→ Given data:
-.-.-

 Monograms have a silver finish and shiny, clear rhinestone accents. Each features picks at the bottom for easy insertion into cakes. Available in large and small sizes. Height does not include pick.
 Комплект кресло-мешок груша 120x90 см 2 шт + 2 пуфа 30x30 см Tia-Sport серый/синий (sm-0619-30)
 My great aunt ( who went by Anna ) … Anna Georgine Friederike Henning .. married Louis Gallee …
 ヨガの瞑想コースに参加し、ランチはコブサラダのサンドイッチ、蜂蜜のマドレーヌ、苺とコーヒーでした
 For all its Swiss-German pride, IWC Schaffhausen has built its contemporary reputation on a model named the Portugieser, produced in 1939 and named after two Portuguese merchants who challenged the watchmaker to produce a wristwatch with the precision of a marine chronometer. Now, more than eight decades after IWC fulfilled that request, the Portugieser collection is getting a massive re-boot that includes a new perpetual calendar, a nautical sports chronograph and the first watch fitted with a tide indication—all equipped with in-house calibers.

-.-.-

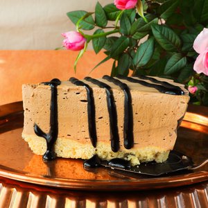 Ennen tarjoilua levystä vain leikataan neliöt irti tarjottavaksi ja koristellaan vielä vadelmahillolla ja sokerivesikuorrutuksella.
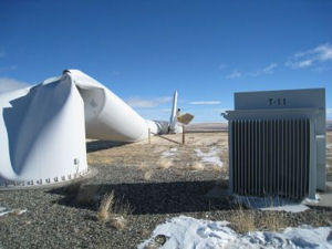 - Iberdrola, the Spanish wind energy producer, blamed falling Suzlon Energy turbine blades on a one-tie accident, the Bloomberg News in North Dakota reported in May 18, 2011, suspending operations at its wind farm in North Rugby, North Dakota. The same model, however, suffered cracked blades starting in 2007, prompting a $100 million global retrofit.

-.-.-

→ What the task requires: Beginning with the line containing "ヨガの瞑想コースに参加し、ラ" in the material above, copy every line exactly until you have copied the line containing "For all its".

→ Solution to this task:
 ヨガの瞑想コースに参加し、ランチはコブサラダのサンドイッチ、蜂蜜のマドレーヌ、苺とコーヒーでした
 For all its Swiss-German pride, IWC Schaffhausen has built its contemporary reputation on a model named the Portugieser, produced in 1939 and named after two Portuguese merchants who challenged the watchmaker to produce a wristwatch with the precision of a marine chronometer. Now, more than eight decades after IWC fulfilled that request, the Portugieser collection is getting a massive re-boot that includes a new perpetual calendar, a nautical sports chronograph and the first watch fitted with a tide indication—all equipped with in-house calibers.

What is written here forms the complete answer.